SKIN IN THE GAME and OUR FRAUD DETECTOR
+ Have you ever wondered why people are upset by CEO compensation, sometimes >200x that of the average employee, but not if an entrepreneur makes the same amount of money; nor are they upset with singers, authors, or performers?
+ The economist Thomas Sowell found this an aberration. His argument is that a CEO is not harming you; he is not sponsored by the taxpayer (or let us grant him that for this argument). But Sowell and the others apologists of CEO pay are missing the fact that our naturalistic fraud detector may be picking up something quite severe. A CEO has inverse skin in the game; his losses are transferred to the shareholder (as he keeps the upside with stock options and stick others with the downside). As I said in Antifragile, he is no entrepreneur (or artist where thousands are sacrificing their lives, so entering the profession cannot be done rationally on economic grounds).
+ We also detect that a CEO is largely an actor. Just look at one on TV for a split second.
+ So our ecological instinct is effective there in smelling something unfair; it is more powerful than that of regular economists who need a more sophisticated understanding of contract theory/asymmetry to get the point.

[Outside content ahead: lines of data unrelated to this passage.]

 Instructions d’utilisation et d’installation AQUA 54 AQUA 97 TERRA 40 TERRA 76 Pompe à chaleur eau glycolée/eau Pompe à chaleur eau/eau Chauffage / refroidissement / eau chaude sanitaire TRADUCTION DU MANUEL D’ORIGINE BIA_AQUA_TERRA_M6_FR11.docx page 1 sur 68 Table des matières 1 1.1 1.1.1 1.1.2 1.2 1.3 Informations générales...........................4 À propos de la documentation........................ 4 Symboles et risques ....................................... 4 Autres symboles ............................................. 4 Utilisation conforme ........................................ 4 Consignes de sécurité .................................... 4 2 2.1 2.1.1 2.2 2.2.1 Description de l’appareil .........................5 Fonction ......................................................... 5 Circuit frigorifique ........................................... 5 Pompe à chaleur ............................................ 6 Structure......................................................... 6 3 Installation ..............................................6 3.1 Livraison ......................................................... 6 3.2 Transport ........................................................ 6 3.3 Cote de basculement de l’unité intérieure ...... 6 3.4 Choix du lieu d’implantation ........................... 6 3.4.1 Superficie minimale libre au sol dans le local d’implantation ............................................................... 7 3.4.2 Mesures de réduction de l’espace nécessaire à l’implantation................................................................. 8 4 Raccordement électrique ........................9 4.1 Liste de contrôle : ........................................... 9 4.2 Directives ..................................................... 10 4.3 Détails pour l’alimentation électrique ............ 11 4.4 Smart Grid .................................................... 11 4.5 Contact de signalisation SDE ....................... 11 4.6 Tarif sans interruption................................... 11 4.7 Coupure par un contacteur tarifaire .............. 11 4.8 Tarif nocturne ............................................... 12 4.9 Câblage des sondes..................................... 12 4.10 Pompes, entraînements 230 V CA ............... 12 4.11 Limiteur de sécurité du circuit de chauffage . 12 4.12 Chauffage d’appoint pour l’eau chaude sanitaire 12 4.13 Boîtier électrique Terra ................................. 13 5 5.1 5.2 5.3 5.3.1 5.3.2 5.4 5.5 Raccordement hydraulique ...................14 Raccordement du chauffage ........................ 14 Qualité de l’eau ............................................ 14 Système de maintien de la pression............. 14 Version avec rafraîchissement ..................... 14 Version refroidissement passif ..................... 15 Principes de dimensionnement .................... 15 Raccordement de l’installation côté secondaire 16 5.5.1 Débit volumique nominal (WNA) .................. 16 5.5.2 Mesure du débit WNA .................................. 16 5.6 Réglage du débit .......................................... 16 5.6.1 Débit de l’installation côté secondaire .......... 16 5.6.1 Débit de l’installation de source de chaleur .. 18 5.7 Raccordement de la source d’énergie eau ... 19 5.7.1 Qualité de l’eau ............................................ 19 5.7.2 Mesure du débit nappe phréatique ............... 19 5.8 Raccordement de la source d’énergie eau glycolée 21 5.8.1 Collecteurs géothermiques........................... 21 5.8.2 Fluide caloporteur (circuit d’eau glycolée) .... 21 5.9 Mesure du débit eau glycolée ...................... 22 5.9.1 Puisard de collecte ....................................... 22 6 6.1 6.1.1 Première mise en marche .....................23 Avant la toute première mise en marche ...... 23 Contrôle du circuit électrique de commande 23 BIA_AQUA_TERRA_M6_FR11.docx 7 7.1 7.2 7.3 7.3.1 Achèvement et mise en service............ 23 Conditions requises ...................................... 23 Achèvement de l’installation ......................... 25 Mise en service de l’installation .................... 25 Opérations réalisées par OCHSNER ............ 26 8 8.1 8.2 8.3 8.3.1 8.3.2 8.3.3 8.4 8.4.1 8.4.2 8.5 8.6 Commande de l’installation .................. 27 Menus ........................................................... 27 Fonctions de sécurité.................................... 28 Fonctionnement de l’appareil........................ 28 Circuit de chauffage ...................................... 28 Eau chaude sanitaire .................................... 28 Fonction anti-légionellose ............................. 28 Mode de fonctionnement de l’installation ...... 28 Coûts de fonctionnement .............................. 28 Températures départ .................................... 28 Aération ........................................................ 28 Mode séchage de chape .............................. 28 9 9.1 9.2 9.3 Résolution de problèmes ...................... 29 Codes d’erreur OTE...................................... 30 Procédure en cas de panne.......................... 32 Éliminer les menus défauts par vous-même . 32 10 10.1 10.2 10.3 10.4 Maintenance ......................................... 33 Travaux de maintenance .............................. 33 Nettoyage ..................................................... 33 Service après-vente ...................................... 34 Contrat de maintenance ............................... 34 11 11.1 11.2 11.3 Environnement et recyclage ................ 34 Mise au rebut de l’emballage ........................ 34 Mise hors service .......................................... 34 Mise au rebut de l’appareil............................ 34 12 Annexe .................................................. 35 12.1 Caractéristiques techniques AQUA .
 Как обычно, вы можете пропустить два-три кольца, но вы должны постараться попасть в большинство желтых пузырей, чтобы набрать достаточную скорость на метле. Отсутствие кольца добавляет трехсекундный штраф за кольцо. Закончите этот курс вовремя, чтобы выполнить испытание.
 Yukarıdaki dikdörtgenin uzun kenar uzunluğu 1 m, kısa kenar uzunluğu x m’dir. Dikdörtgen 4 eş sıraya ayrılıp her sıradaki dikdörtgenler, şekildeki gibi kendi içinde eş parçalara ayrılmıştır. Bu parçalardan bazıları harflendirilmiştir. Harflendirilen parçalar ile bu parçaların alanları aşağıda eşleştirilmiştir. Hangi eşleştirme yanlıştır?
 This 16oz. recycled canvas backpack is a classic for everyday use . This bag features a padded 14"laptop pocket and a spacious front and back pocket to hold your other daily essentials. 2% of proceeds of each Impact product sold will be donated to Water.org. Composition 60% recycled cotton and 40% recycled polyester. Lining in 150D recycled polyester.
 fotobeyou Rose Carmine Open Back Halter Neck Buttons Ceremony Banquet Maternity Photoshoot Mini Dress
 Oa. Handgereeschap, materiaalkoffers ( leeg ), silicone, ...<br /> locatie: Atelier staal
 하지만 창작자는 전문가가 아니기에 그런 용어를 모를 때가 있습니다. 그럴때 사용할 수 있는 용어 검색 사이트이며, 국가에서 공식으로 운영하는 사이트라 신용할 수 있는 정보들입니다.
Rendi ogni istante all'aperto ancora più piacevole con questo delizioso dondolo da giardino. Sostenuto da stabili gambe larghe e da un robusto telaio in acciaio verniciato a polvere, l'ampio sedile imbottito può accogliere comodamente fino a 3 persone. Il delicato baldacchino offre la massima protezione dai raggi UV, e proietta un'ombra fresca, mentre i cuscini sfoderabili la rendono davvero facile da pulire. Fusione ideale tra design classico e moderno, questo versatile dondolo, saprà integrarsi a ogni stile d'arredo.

+ Note that in some countries where wealth has a bad name, it is often because it is associated with rent seeking. In the US, perception is different because wealth is traditionally associated with risk taking.
+ Correct me if I am wrong, but it seems that societies give respect to people who have skin in the game (but not exclusively), and have a moral repulsion towards those who have inverse skin in the game.